The Board of Directors and the Strategic Council of the American Institute of Architects (AIA) has voted to award the 2018 AIA Gold Medal to James Stewart Polshek, FAIA. The Gold Medal honors an individual or pair of architects whose body of work has had a lasting influence on the theory and practice of architecture. Polshek will be honored at the AIA Conference on Architecture 2018 in New York City.
Born in Akron, Ohio, Polshek earned a Master of Architecture degree from Yale in 1955. The office that Polshek began in 1963, as James Stewart Polshek Architect, evolved through multiple iterations. Following his retirement in 2005, the firm transitioned in 2010 to Ennead Architects. Polshek has fostered an environment wherein design, collaboration and research work in concert to create enduring architecture. His vision and leadership has earned the firm countless accolades, including more than 200 design awards, the 1992 AIA Architecture Firm Award, and 15 National Honor Awards for Architecture.
Concurrent to leading the firm, Polshek served as dean of Columbia University Graduate School of Architecture, Planning and Preservation from 1972 to 1987. At the time, Columbia played a central role in the debate over style and meaning during a period in which architecture was being fundamentally questioned. His collaborative spirit led to a complete revision of the curriculum and direction that, in turn, reversed its decline and attracted faculty. Polshek’s 1987 restoration and renovation of Carnegie Hall, New York, began with a master plan that helped establish his approach to revitalization.
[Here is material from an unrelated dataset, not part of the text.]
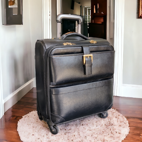 Product name:Black Genuine Leather Luggage Trolley Bag in Adjustable Handle

A complete restoration of its original details as well as the implementation of new ones —lighting, graphics, and a new marquee — were coupled with a dose of advocacy for landmark buildings threatened by market forces.
In Washington, D.C., the 645,000-square-foot Newseum/Freedom Forum Headquarters, completed in 2008, is a monument to journalism and free speech. The architectural expression of the mission of the institute manifests in a symbol of openness: a 4,500-square-foot clear glass window woven into the fabric of Penn Quarter. Polshek’s National Museum of American Jewish History in Philadelphia, just a block from Independence Hall, references the immigrant experience in America through two interlocking volumes of opaqueness and transparency. The historical context of the museum bolsters its efforts to inspire people of all backgrounds.
Polshek’s sensitivity as an architect and his willingness to give credit to others — whether they be his clients, partners, staff or collaborators — have helped restore the promise that architecture can be a force in the world. Everywhere that he has worked, and throughout his writings, he has raised the level of discussion while pursuing an unambiguous goal of architecture as a healing art.
Polshek is the 74th recipient of the Gold Medal. He joins the ranks of such visionaries as Frank Lloyd Wright (1949), Louis Sullivan (1944), Le Corbusier (1961), Louis I. Kahn (1971), I.M. Pei (1979), Thom Mayne (2013), Julia Morgan (2014), Moshe Safdie (2015), Denise Scott Brown & Robert Venturi (2016), and Paul Revere Williams (2017). In recognition of his legacy to architecture, Polshek’s name will be chiseled into the granite Wall of Honor in the lobby of the AIA headquarters in Washington, D.C.